1 files changed, 187 insertions, 0 deletions

diff --git a/modules/pam_unix/unix_chkpwd.c b/modules/pam_unix/unix_chkpwd.c
new file mode 100644
index 00000000..5f872d27
--- /dev/null
+++ b/modules/pam_unix/unix_chkpwd.c
@@ -0,0 +1,187 @@
+/*
+ * This program is designed to run setuid(root) or with sufficient
+ * privilege to read all of the unix password databases. It is designed
+ * to provide a mechanism for the current user (defined by this
+ * process' uid) to verify their own password.
+ *
+ * The password is read from the standard input.

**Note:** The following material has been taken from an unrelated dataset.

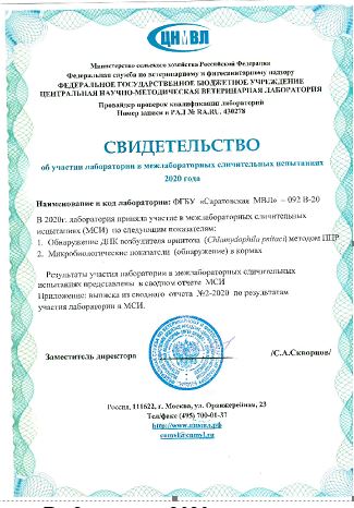 Согласно данным сводного отчета, специалисты отделов ветеринарно-санитарной экспертизы и серологии и генодиагностики полностью справились с заданиями, получив удовлетворительные результаты по всем тестируемым показателям. ФГБУ «Саратовская МВЛ» получено Свидетельство об участии в МСИ.

The exit status of
+ * this program indicates whether the user is authenticated or not.
+ *
+ * Copyright information is located at the end of the file.
+ *
+ */
+
+#include "config.h"
+
+#include <stdio.h>
+#include <stdlib.h>
+#include <string.h>
+#include <syslog.h>
+#include <unistd.h>
+#include <sys/types.h>
+#include <sys/stat.h>
+#include <pwd.h>
+#include <shadow.h>
+#include <signal.h>
+#include <time.h>
+
+#include <security/_pam_types.h>
+#include <security/_pam_macros.h>
+
+#include "passverify.h"
+
+static int _check_expiry(const char *uname)
+{
+	struct spwd *spent;
+	struct passwd *pwent;
+	int retval;
+	int daysleft;
+
+	retval = get_account_info(uname, &pwent, &spent);
+	if (retval != PAM_SUCCESS) {
+		helper_log_err(LOG_ALERT, "could not obtain user info (%s)", uname);
+		printf("-1\n");
+		return retval;
+	}
+	
+	if (spent == NULL) {
+		printf("-1\n");
+		return retval;
+	}
+
+	retval = check_shadow_expiry(spent, &daysleft);
+	printf("%d\n", daysleft);
+	return retval;
+}
+
+int main(int argc, char *argv[])
+{
+	char pass[MAXPASS + 1];
+	char *option;
+	int npass, nullok;
+	int blankpass = 0;
+	int retval = PAM_AUTH_ERR;
+	char *user;
+	char *passwords[] = { pass };
+
+	/*
+	 * Catch or ignore as many signal as possible.
+	 */
+	setup_signals();
+
+	/*
+	 * we establish that this program is running with non-tty stdin.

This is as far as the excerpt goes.